TASK PROMPT
Exact copy, no pictures: return only the lines below from the line with "Thermoplastic lamp holder" up to and including the line with "- Dual handheld wireless microphones".
┌──
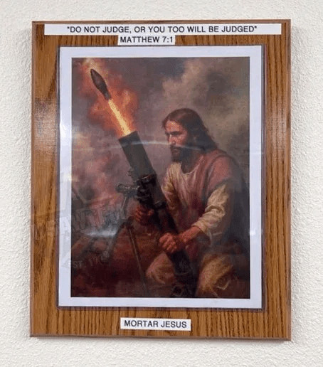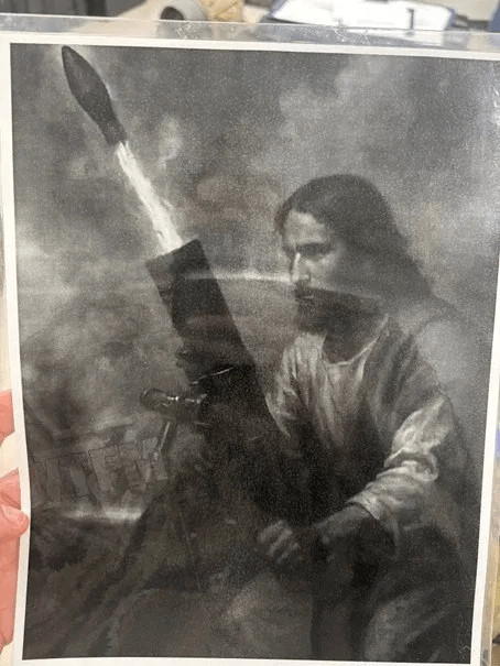 "Moi et quelques sous-officiers faisions des trucs dans l'espace de travail de notre quartier général de bataillon ici à [XXX] et nous avons découvert une affiche de Jésus tirant un obus de mortier qui avait été laissée par l'unité précédente que nous avons remplacée. Le bâtiment où nous l'avons trouvée était auparavant le QG du commandement de cette unité. Cela m'a vraiment inquiété que l'unité précédente ait pu avoir quelque chose comme ça, surtout compte tenu des rapports faisant état de commandants au Moyen-Orient disant à leurs soldats que la guerre avec l'Iran est une guerre sainte et que Dieu a oint Trump pour provoquer l'apocalypse"
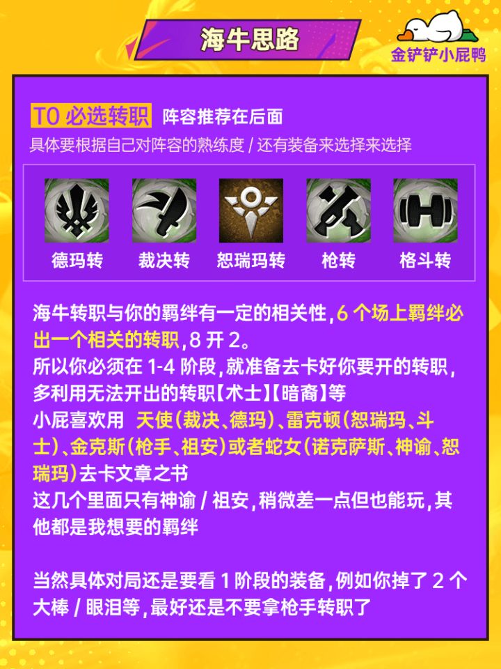 海牛转职与你的羁绊有一定的相关性,6个场上羁绊必出一个相关的转职,8开2。
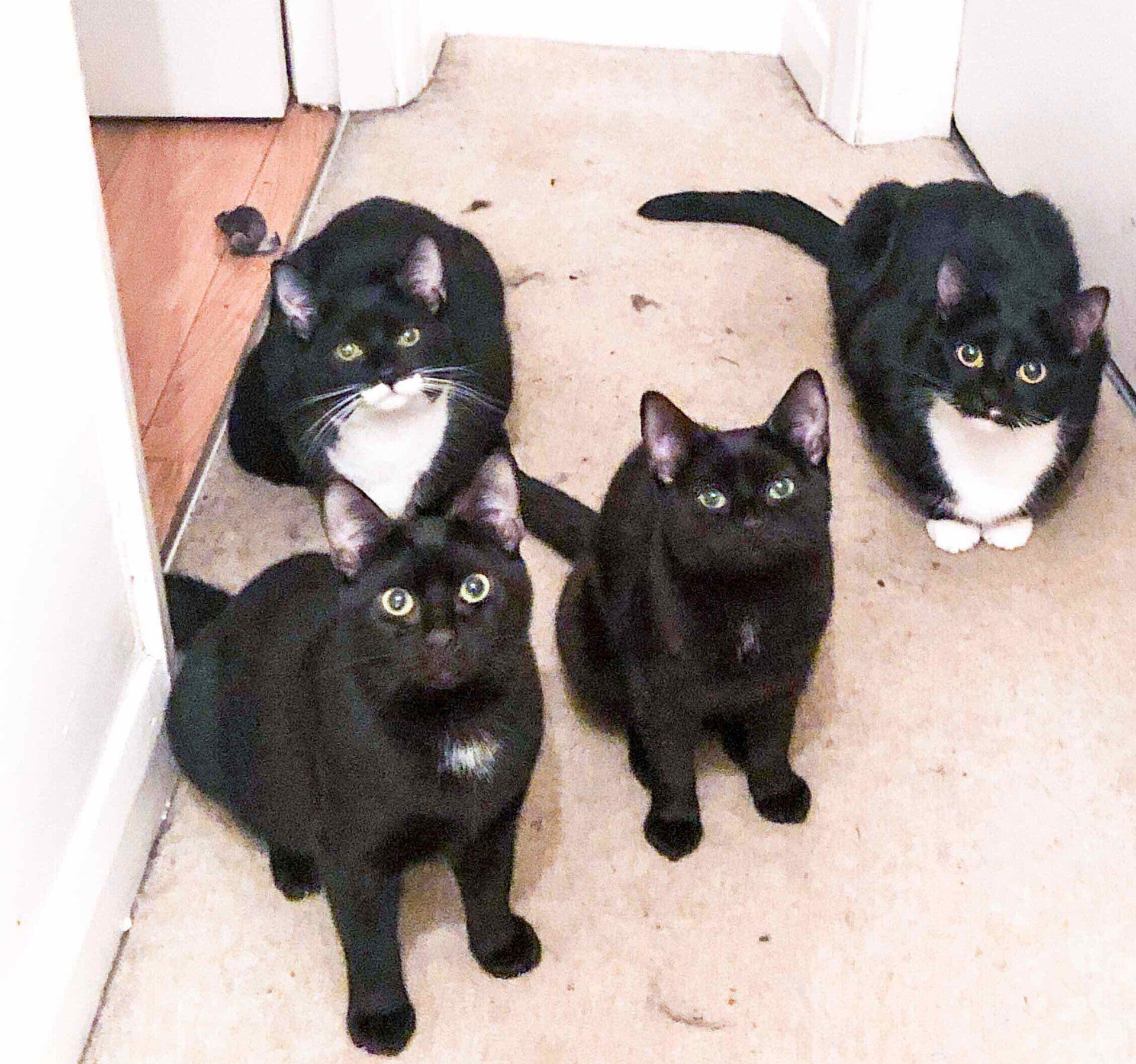 Raisin was a feral kitten just several weeks old living amongst a colony of cats in a carpark in East London 2018. Also there were her siblings and mum. I trapped Raisin, her two siblings and mum, then took them back home and got them all to the vet the next day as they were suffering from cat flu. They all eventually recovered after several weeks. Although their mum was friendly, Raisin and her siblings (Sultana and Neegy) were feral so it was quite a while before they became friendly. Today they are very friendly but you still cannot really approach them to pick them up as they get spooked. They must come to you, well Raisin and Sultana do anyway, Neegy not so much. Their mum, who was friendly, was rehomed to a friend of mine.
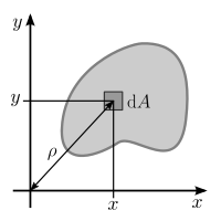 도심은 전체 "면적"과 "면적"의 1차 모멘트
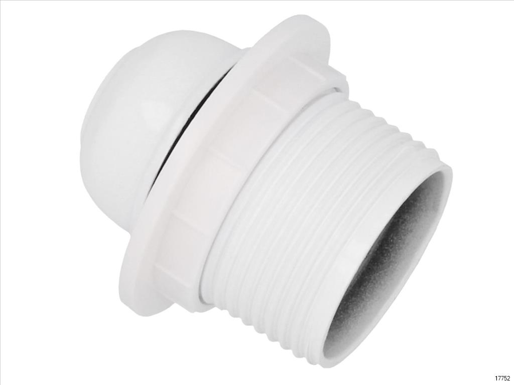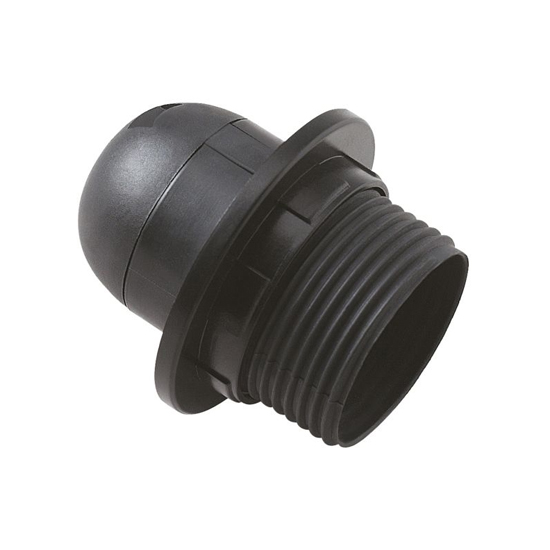 Thermoplastic lamp holder with threaded body, stopper and washer for bulbs with E27 thread.
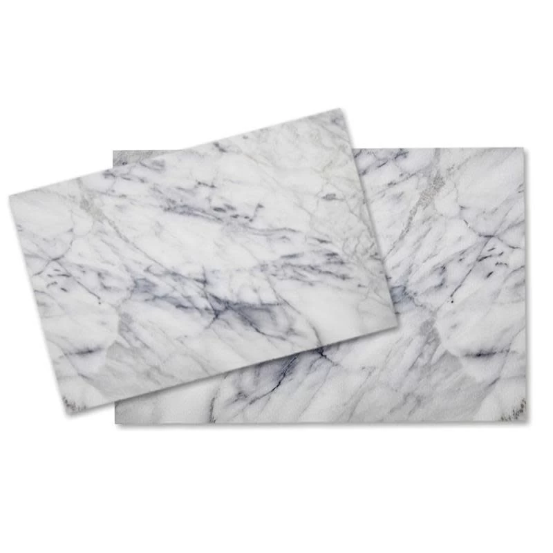 Marble Board, 30 x 20 cm. Made of solid marble, prized for its cool, durable surface and uniquely patterned beauty. Ideal for serving and as a pastry surface. Non-skid feet offer stability while working and easy lifting when serving. Avoid direct contact with oils and acidic foods. Not recommended for use as a cutting surface.
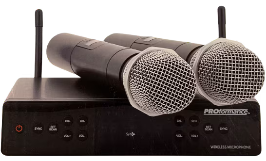 - Dual handheld wireless microphones
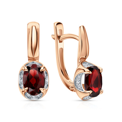 Серьги с 8 бриллиантами природными, 0.03 карат, огранка круг 17 граней, цвет 2, чистота 2, тип огранки А; 16 бриллиантами природными, 0.02 карат, огранка круг 17 граней, цвет 2, чистота 2, тип огранки А; 2 гранатами природными, 1.86 карат; Розовое золото 585 пробы.
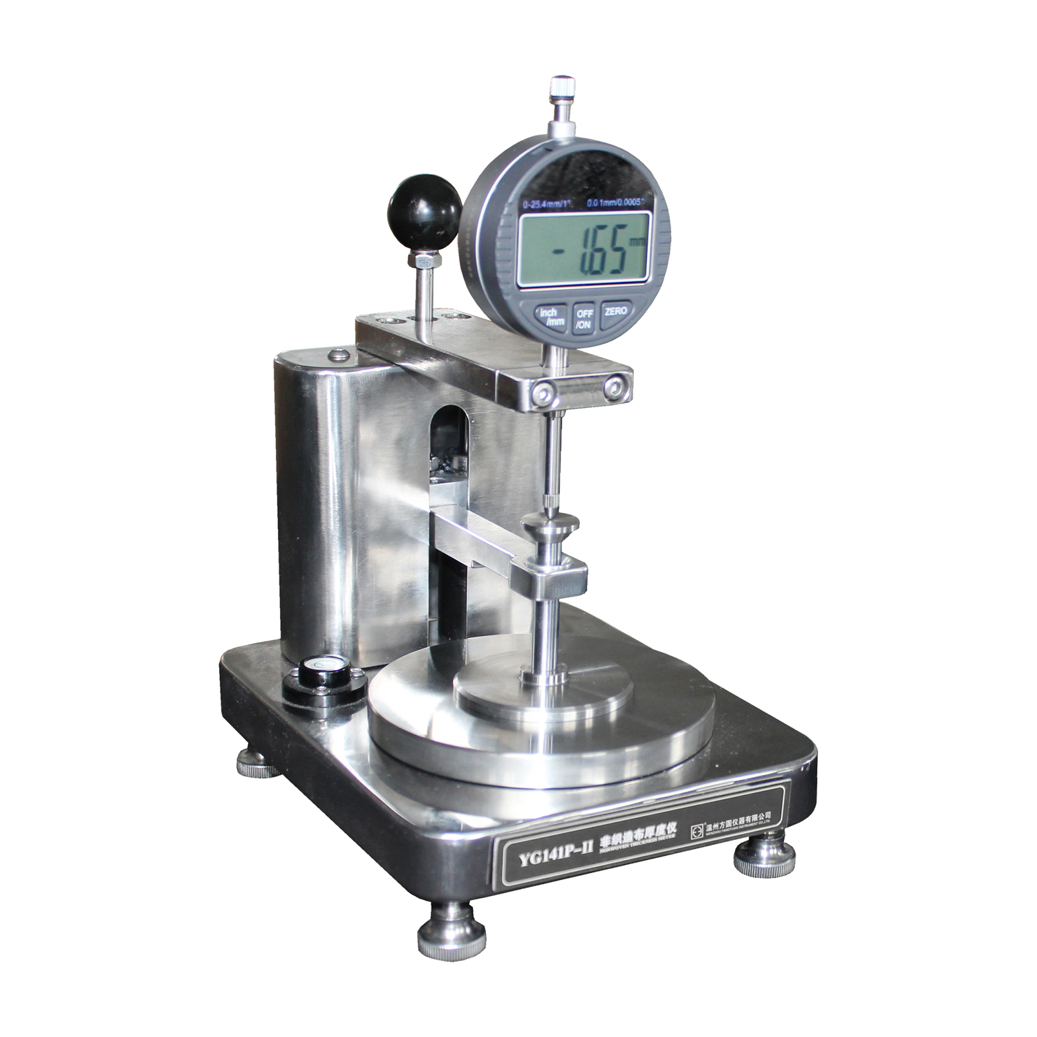 YG141P-II非織造布厚度儀 GB/T 24218.2-2009 紡織品 非織造布試驗方法 第2部分:厚度的測定、ISO 9073-2-1995 Textiles-Test method for nonwovens-Part 2 Determination of thickness。
└──
SOLUTION FOR THIS EXERCISE
 Thermoplastic lamp holder with threaded body, stopper and washer for bulbs with E27 thread.
 Marble Board, 30 x 20 cm. Made of solid marble, prized for its cool, durable surface and uniquely patterned beauty. Ideal for serving and as a pastry surface. Non-skid feet offer stability while working and easy lifting when serving. Avoid direct contact with oils and acidic foods. Not recommended for use as a cutting surface.
 - Dual handheld wireless microphones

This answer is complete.